Теперь позвольте поговорить с Вами, Александра Андреевна. Я радостно уверен, что Вы теперь наслаждаетесь полным счастием, какое только дает небо бедной земле, счастием любви к природе и к родным, и счастием дружбы с вашими близкими соседями. Природа развивается полною жизнию, — быть ее живым сознанием, сочувствовать биению мировой жизни — назначение человека; я уверен, ваше прекрасное сердце достигло сего назначения. Но мой удел? Он еще скрыт в темной будущности. Пускай судьба правит моим кормилом; мне сладко засыпать с этою мыслию. Помните, Александра Андреевна, я как-то говорил Вам, кажется, в Нескушном о будущности — теперь я вступаю в этот новый мир, — в мир самобытной деятельности. Курс университетский кончен, кончена жизнь университетская. Товарищи разлетелись, общий интерес исчез. Там была цель близкая, были сотрудники-товарищи, жили беспечно под опекою начальства — теперь все кончено. Я стою один, как развалина. Странно, многие радовались окончанию, — я <ни минуты> не мог этого сделать. «Как, — был первый вопрос моего духа, — ты кончил приготовление к деятельной жизни? Что ж ты будешь делать и готов ли ты? Какой подвиг изберешь в деле отчизны, испытал ли, сознал ли свои силы и возделан ли талант, данный провидением?» Уныние было ответом, я был не весел, — теперь моя жизнь — длинная дорога, теряющаяся за дальними горами, река, текущая в океан вечности, мысль страшная, беспредельная!

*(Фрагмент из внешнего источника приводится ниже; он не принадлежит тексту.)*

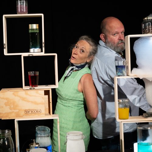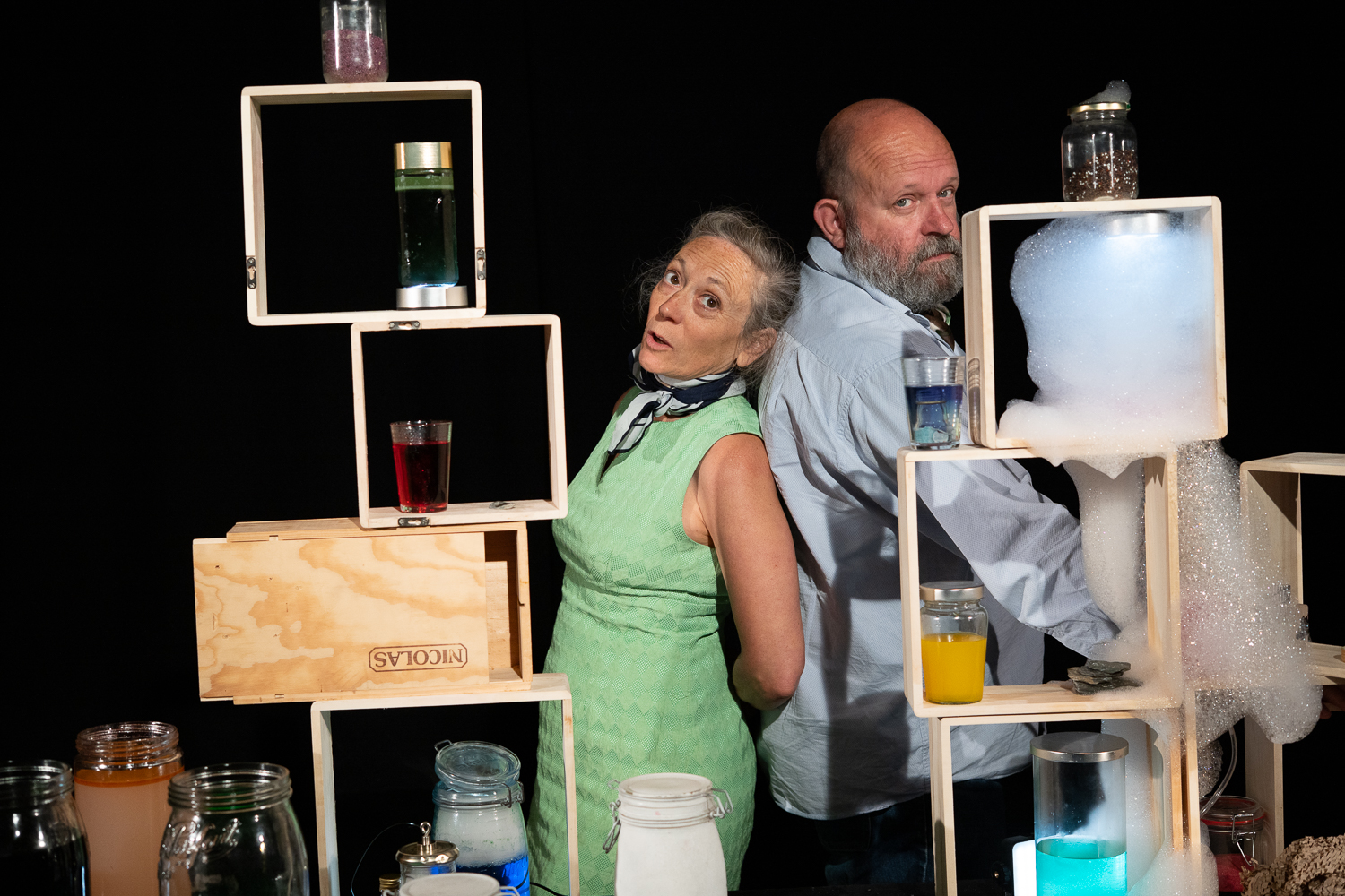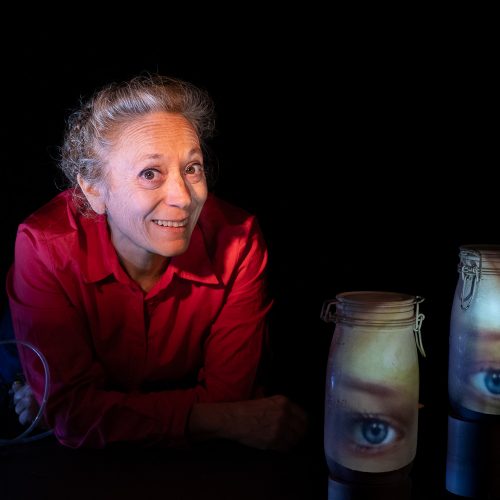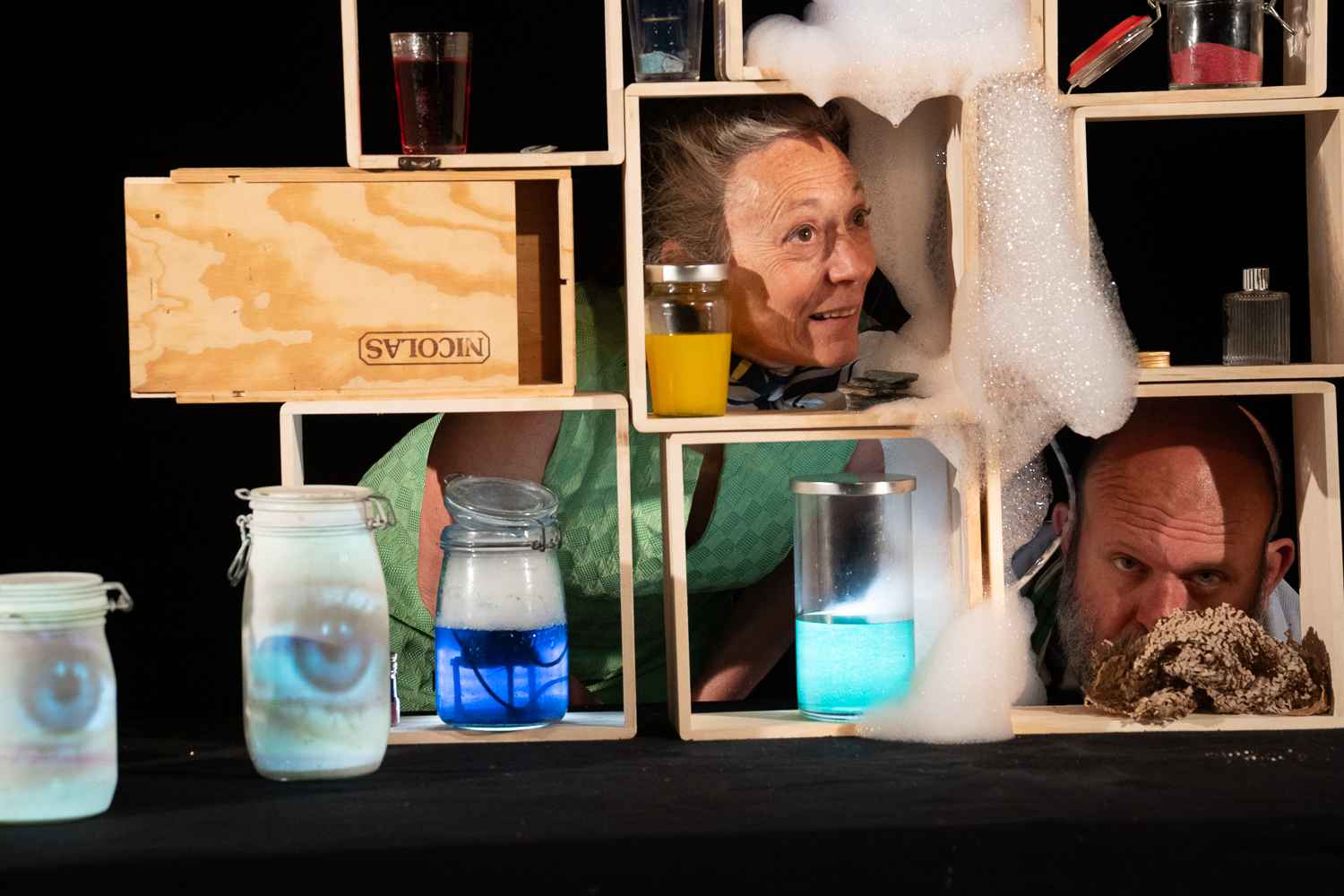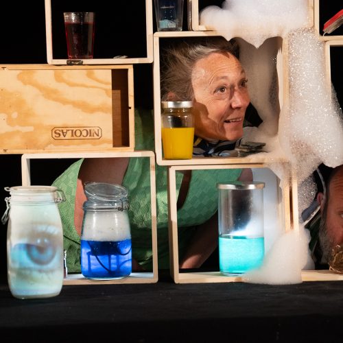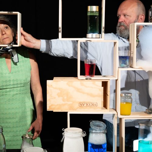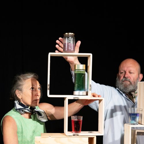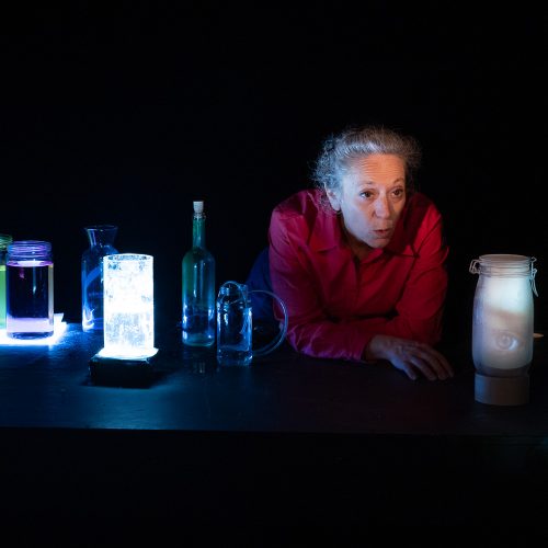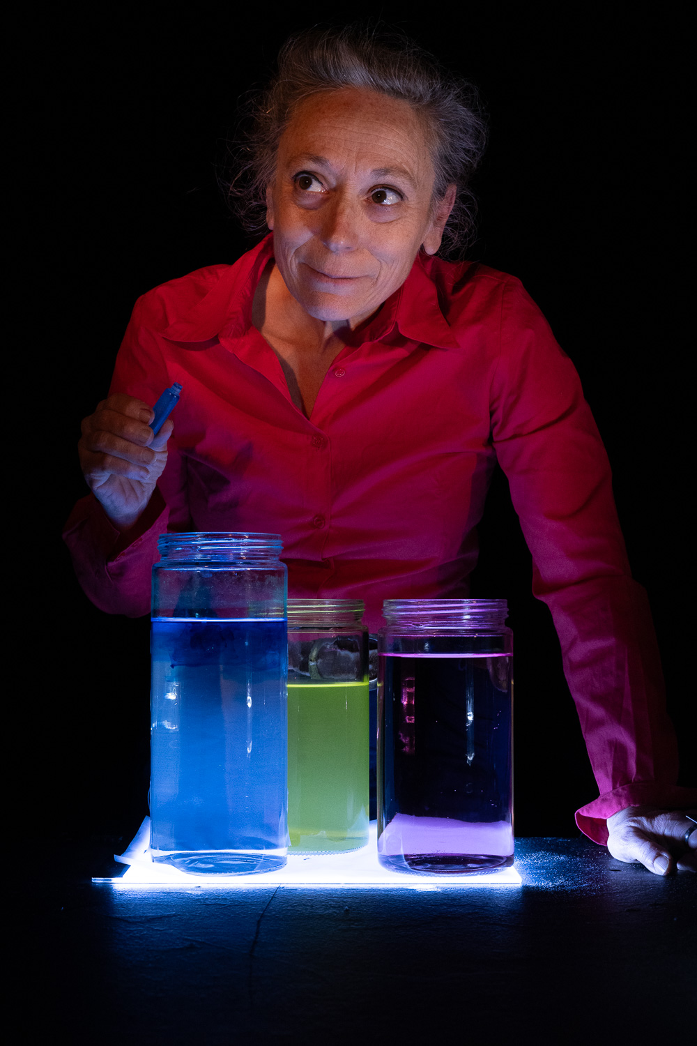 J’ai envie de travailler sur les fluides, des matières en mouvement. Du tissus peut-être, des voiles, mais aussi des liquides. J'imagine un meuble empli d’étagères avec des bocaux, des couleurs, des jeux de lumière mettant en valeur les liquides. Un peu comme un meuble d'apothicaire qui serait modulable en fonction des scènes et des images venant se confronter au récit.

Невольно задумаешься долго, глубоко. Но я дал себе святое слово сделать все, что могу — я посвящаю себя моей Родине, дорогой моей Родине, посвящаю человечеству. Сделаю ли то, чего бы я пламенно желал, по крайней мере, сладко жить и умереть по-человечески, без упрека, без раскаяния.
Теперь я отдыхаю, езжу часто за город к знакомым, на этих днях получаю полное издание шиллеровых сочинений от И. Оболенского и для последующих м<еся>цев, нет, нет, извините, т. е. для сего и августа, избираю его моим другом, товарищем, наставником. Не знаю, мне кажется, только для меня возможно два рода счастия — или прошлый мир товарищества, или теперь мир изящной деятельности, мир самоуглубления, мир искусства и деятельности на пользу ближних. Хотелось бы мне, очень бы хотелось побывать у вас в Попове во время вакации — не знаю, что скажет судьба (вспомните М. А.).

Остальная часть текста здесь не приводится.